▶ [What to do]: When you reach the line below that has "São 3 dormitórios, sendo", start returning lines exactly, and stop after the line that has "El incidente se"; skip the pictures.

▶ [Material supplied]:

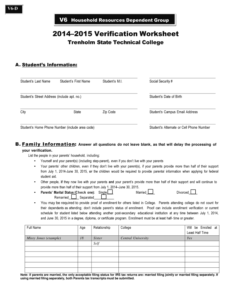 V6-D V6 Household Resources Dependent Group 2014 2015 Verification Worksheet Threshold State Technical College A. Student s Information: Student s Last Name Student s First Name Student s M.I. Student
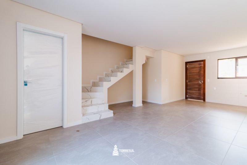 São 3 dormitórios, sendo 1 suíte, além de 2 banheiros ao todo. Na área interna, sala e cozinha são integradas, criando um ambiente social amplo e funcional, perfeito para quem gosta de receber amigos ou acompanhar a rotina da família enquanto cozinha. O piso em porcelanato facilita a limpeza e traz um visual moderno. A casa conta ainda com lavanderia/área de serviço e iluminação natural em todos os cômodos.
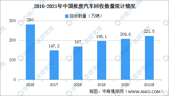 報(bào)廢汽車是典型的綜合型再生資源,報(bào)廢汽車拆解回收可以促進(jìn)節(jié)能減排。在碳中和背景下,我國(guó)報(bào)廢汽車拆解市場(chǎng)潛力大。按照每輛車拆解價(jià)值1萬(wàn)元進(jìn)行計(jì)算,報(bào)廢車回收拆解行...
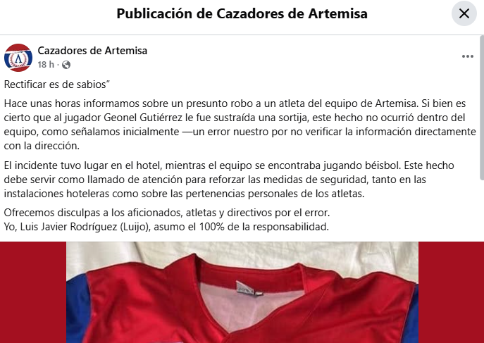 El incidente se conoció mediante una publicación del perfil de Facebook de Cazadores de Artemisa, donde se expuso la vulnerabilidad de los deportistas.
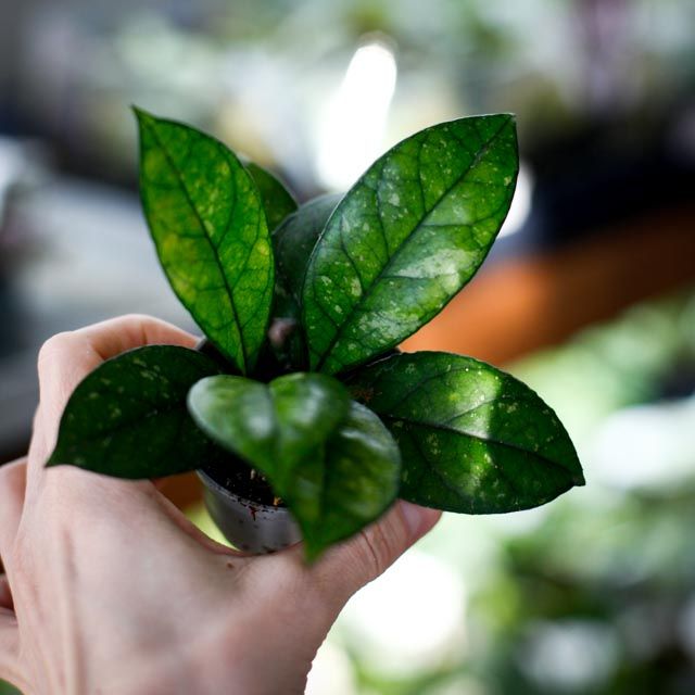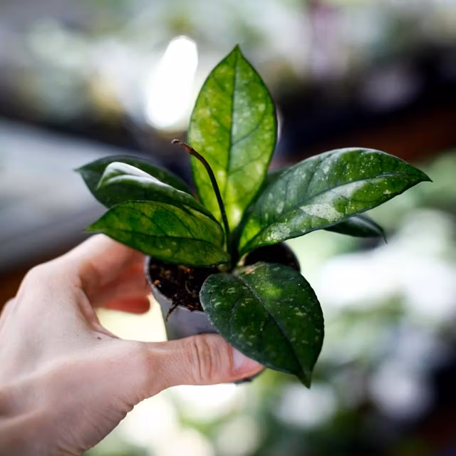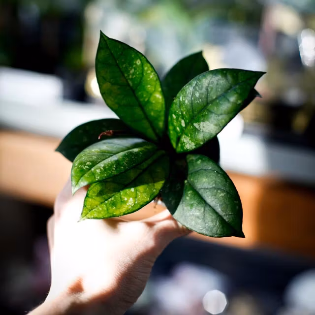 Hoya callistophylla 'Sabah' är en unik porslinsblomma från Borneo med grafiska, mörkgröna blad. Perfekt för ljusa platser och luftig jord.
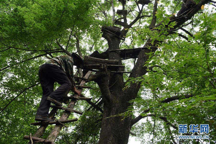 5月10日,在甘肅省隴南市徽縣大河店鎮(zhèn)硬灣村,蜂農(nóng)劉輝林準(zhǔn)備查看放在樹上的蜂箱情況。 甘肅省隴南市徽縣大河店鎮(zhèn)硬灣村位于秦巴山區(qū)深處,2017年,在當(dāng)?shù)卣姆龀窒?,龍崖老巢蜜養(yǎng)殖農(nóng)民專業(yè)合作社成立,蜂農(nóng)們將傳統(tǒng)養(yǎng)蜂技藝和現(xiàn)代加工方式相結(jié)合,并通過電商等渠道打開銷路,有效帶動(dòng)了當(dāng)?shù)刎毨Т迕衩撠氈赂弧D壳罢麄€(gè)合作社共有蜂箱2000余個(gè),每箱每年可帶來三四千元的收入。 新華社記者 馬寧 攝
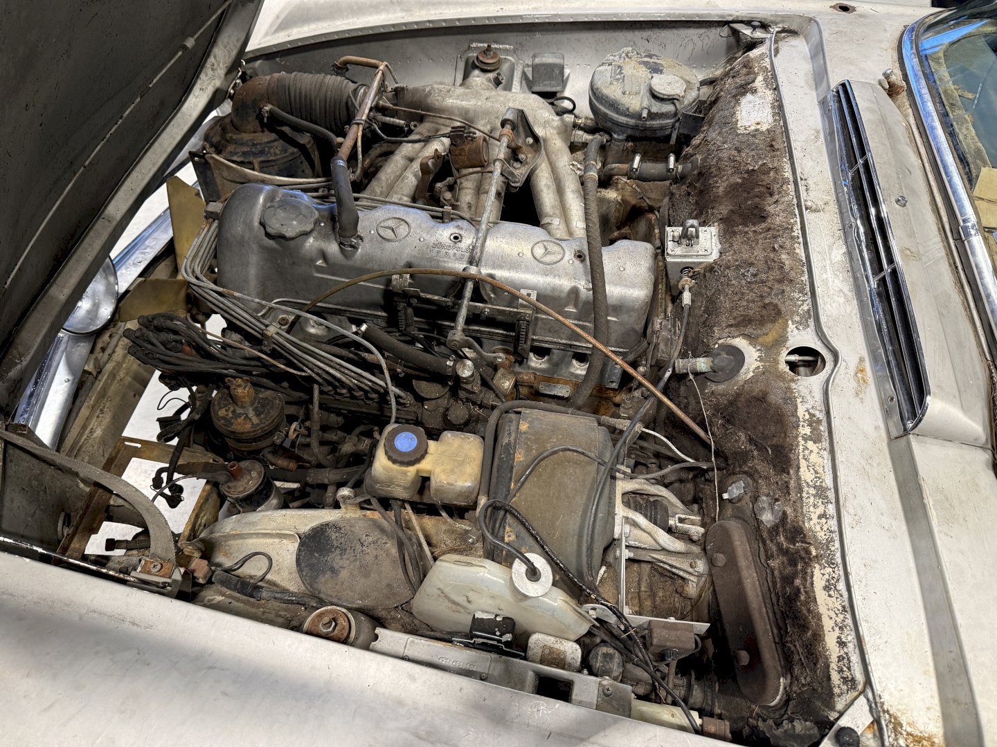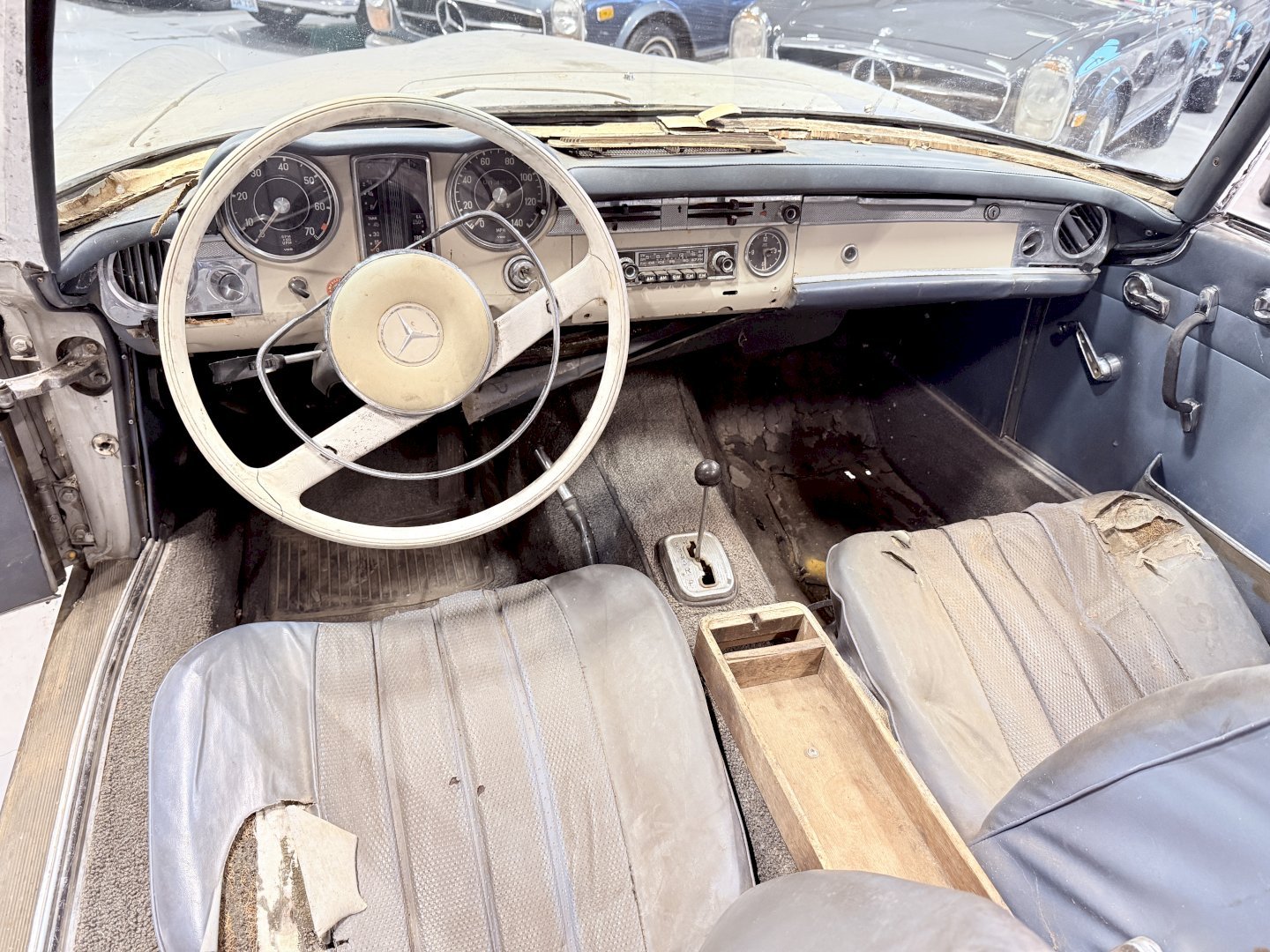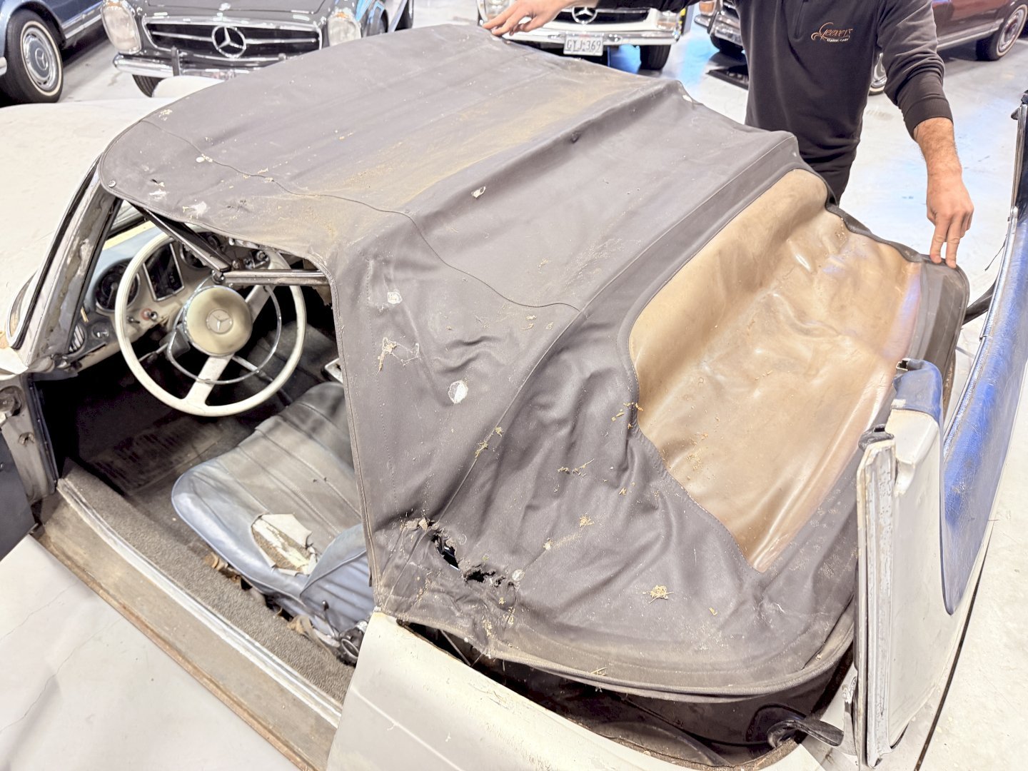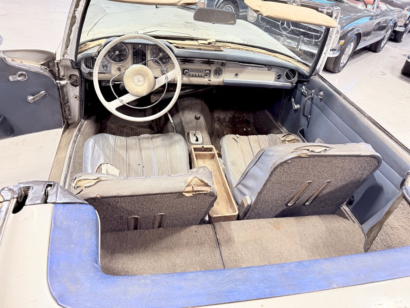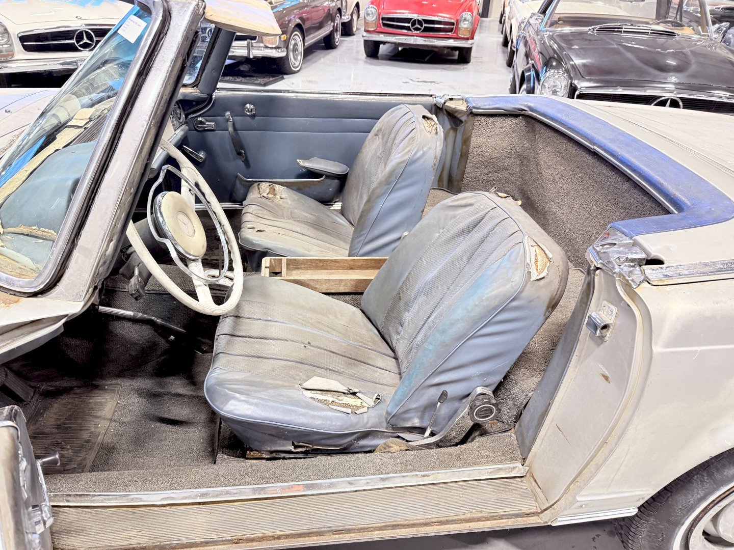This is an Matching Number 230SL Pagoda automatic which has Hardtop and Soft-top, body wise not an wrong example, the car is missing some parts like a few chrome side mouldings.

▶ [Your response]:
 São 3 dormitórios, sendo 1 suíte, além de 2 banheiros ao todo. Na área interna, sala e cozinha são integradas, criando um ambiente social amplo e funcional, perfeito para quem gosta de receber amigos ou acompanhar a rotina da família enquanto cozinha. O piso em porcelanato facilita a limpeza e traz um visual moderno. A casa conta ainda com lavanderia/área de serviço e iluminação natural em todos os cômodos.
 報(bào)廢汽車是典型的綜合型再生資源,報(bào)廢汽車拆解回收可以促進(jìn)節(jié)能減排。在碳中和背景下,我國(guó)報(bào)廢汽車拆解市場(chǎng)潛力大。按照每輛車拆解價(jià)值1萬(wàn)元進(jìn)行計(jì)算,報(bào)廢車回收拆解行...
 El incidente se conoció mediante una publicación del perfil de Facebook de Cazadores de Artemisa, donde se expuso la vulnerabilidad de los deportistas.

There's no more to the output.